→ **WORK INSTRUCTIONS**:
Transcribe the records below in full; pictures stay out of the copy.

----- DATA SUPPLIED

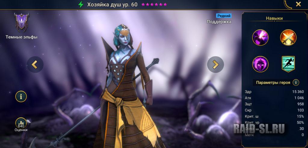 Один из самых лучших героев поддержки среди Редких героев. Хозяйка душ дает вам две необходимые вещи на Арене: аура скорости (не стоит считать, что 10% скорости это мало, если ваша скорость будет хотя бы на 1 выше, чем у врага, этого будет достаточно) и бонус 50% к атаке союзников. Все остальное, что она дает вам, это просто приятный бонус к этому герою.
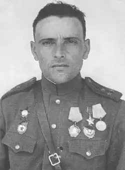 Grigory Trofimovich Skiruta (Russian: Григорий Трофимович Скирута; November 21 [O.S. December 4] 1912 – 9 September 1999, Solnechnogorsk) was a lieutenant colonel of the Red Army during the Second World War. He became a Hero of the Soviet Union during the fighting along the Dniepr River in 1943. He continued to serve well into the postwar era, and was promoted to colonel in 1961, when he went into the reserve.
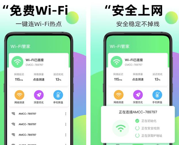 WiFi伴侣全能钥匙,打开即可扫描到周边安全wifi热点,点击连接即可放心上网。
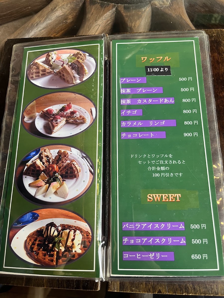 Welcome to Cafe Charango, a charming coffee shop nestled in a picturesque log cabin setting in Soja, Okayama. For over 30 years, this beloved cafe has offered a cozy retreat with its warm ambiance and stunning views of the surrounding countryside. Step inside and enjoy a delightful selection of menu offerings, prominently featuring their signature Belgian-style waffles.
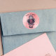 This spooky Valentine sticker has a rag doll with stitched mouth and faux yarn hair holding a big black heart with red bow and trimmed in white lace on a mix of pink and red. Customise your text with the template.
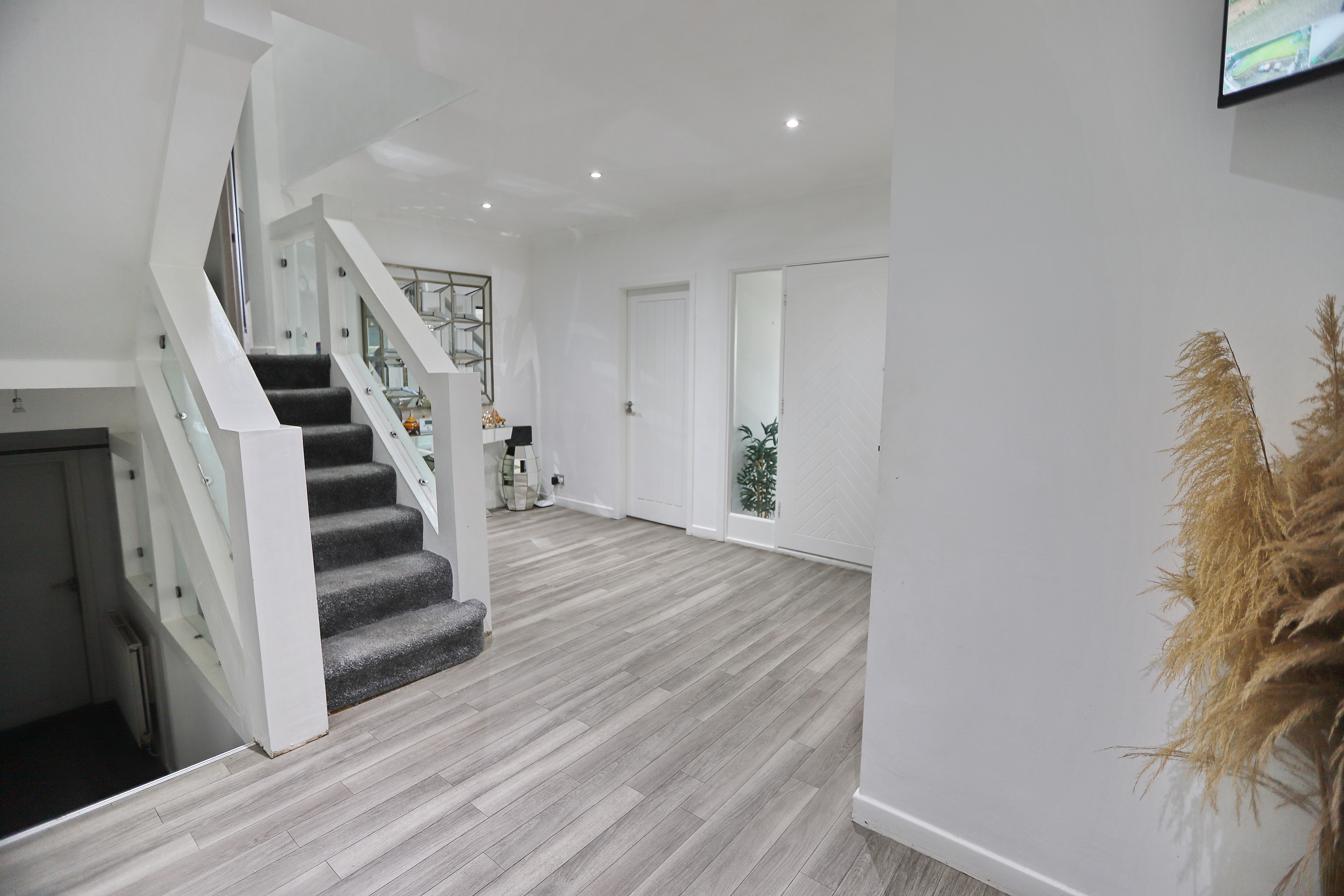 Upon entering, you are welcomed into a spacious and inviting hallway that leads to a stunning lounge, featuring a modern media wall (perfect for family relaxation or entertaining guests). The heart of the home is the magnificent open plan living, dining, and kitchen area, thoughtfully designed to maximise space and natural light, with impressive bi-fold doors that create a seamless flow throughout the ground floor. The kitchen is fitted with high-quality appliances, sleek cabinetry, and a generous island, making it ideal for both family meals and entertaining with integrated appliances.

----------

→ **ANSWER**:
 Один из самых лучших героев поддержки среди Редких героев. Хозяйка душ дает вам две необходимые вещи на Арене: аура скорости (не стоит считать, что 10% скорости это мало, если ваша скорость будет хотя бы на 1 выше, чем у врага, этого будет достаточно) и бонус 50% к атаке союзников. Все остальное, что она дает вам, это просто приятный бонус к этому герою.
 Grigory Trofimovich Skiruta (Russian: Григорий Трофимович Скирута; November 21 [O.S. December 4] 1912 – 9 September 1999, Solnechnogorsk) was a lieutenant colonel of the Red Army during the Second World War. He became a Hero of the Soviet Union during the fighting along the Dniepr River in 1943. He continued to serve well into the postwar era, and was promoted to colonel in 1961, when he went into the reserve.
 WiFi伴侣全能钥匙,打开即可扫描到周边安全wifi热点,点击连接即可放心上网。
 Welcome to Cafe Charango, a charming coffee shop nestled in a picturesque log cabin setting in Soja, Okayama. For over 30 years, this beloved cafe has offered a cozy retreat with its warm ambiance and stunning views of the surrounding countryside. Step inside and enjoy a delightful selection of menu offerings, prominently featuring their signature Belgian-style waffles.
 This spooky Valentine sticker has a rag doll with stitched mouth and faux yarn hair holding a big black heart with red bow and trimmed in white lace on a mix of pink and red. Customise your text with the template.
 Upon entering, you are welcomed into a spacious and inviting hallway that leads to a stunning lounge, featuring a modern media wall (perfect for family relaxation or entertaining guests). The heart of the home is the magnificent open plan living, dining, and kitchen area, thoughtfully designed to maximise space and natural light, with impressive bi-fold doors that create a seamless flow throughout the ground floor. The kitchen is fitted with high-quality appliances, sleek cabinetry, and a generous island, making it ideal for both family meals and entertaining with integrated appliances.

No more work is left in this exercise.